PyTorch dataset was defined as follows:

class ChempleterRandomisedSmilesDataset(Dataset):
   """
   PyTorch Dataset for SELFIES molecular representations.

   :param smiles_file: Path to CSV file containing SMILES strings in a "smiles" column.
   :type smiles_file: str
   :param stoi_file: Path to JSON file mapping SELFIES symbols to integer tokens.
   :type stoi_file: str
   :returns: Integer tensor representation of tokenized molecule with dtype=torch.long.
   :rtype: torch.Tensor
   """

   def __init__(self, smiles_file, stoi_file):
      super().__init__()
      smiles_dataframe = pd.read_csv(smiles_file)
      self.data = smiles_dataframe["smiles"].to_list()
      with open(stoi_file) as f:
            self.selfies_to_integer = json.load(f)

   def __len__(self):
      return len(self.data)

   def __getitem__(self, index):
      molecule_in_smiles = self.data[index]

      # try randomisation
      molecule = Chem.MolFromSmiles(molecule_in_smiles)
      if molecule is not None:
            try:
               molecule_in_selfies = sf.encoder(
                  Chem.MolToSmiles(molecule, canonical=False, doRandom=True)
               )
            except Exception as e:
               logger.error(f"SELFIES encoding error for randomised SMILES: {e}")
      else:
            molecule_in_selfies = sf.encoder(molecule_in_smiles)

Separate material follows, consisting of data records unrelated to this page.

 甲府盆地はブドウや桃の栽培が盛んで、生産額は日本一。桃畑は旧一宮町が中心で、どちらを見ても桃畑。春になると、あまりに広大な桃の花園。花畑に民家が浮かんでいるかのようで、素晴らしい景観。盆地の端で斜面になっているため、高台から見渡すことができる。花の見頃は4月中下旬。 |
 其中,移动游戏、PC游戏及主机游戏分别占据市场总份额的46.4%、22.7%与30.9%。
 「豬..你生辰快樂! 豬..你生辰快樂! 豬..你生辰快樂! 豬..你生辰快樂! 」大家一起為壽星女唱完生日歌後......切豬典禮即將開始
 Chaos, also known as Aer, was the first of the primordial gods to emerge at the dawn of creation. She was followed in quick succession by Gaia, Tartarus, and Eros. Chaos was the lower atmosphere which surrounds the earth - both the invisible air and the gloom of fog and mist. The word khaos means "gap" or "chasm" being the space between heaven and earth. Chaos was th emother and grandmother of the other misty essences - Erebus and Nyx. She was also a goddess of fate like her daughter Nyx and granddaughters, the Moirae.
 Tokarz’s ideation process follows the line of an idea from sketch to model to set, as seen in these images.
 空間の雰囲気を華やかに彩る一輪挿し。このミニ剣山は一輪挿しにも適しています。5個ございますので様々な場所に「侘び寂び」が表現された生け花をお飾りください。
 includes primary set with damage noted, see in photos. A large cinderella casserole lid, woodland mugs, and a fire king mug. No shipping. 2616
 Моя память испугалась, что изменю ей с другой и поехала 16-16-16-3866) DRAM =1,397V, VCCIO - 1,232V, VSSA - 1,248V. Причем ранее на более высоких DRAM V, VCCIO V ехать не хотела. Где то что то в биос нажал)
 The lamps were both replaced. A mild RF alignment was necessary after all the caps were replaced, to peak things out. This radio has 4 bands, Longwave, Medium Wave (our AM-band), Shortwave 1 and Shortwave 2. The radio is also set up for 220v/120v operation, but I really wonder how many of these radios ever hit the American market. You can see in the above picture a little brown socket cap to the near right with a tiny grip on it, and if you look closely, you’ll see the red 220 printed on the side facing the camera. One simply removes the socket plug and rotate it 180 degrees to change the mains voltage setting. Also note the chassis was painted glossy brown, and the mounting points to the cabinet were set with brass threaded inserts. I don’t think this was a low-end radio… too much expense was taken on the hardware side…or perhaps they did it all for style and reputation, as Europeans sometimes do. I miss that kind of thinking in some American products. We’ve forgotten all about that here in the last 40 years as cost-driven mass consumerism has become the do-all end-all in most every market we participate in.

      symbols_molecule = (
            ["[START]"] + list(sf.split_selfies(molecule_in_selfies)) + ["[END]"]
      )
      integer_molecule = []

      # check if all symbols exist in stoi
      for symbol in symbols_molecule:
            if symbol not in self.selfies_to_integer:
               raise RuntimeError(
                  f"Molecule symbol not found in stoi. Add {symbol} in stoi with correct integer mapping."
               )
            else:
               integer_molecule.append(self.selfies_to_integer[symbol])

      return torch.tensor(integer_molecule, dtype=torch.long)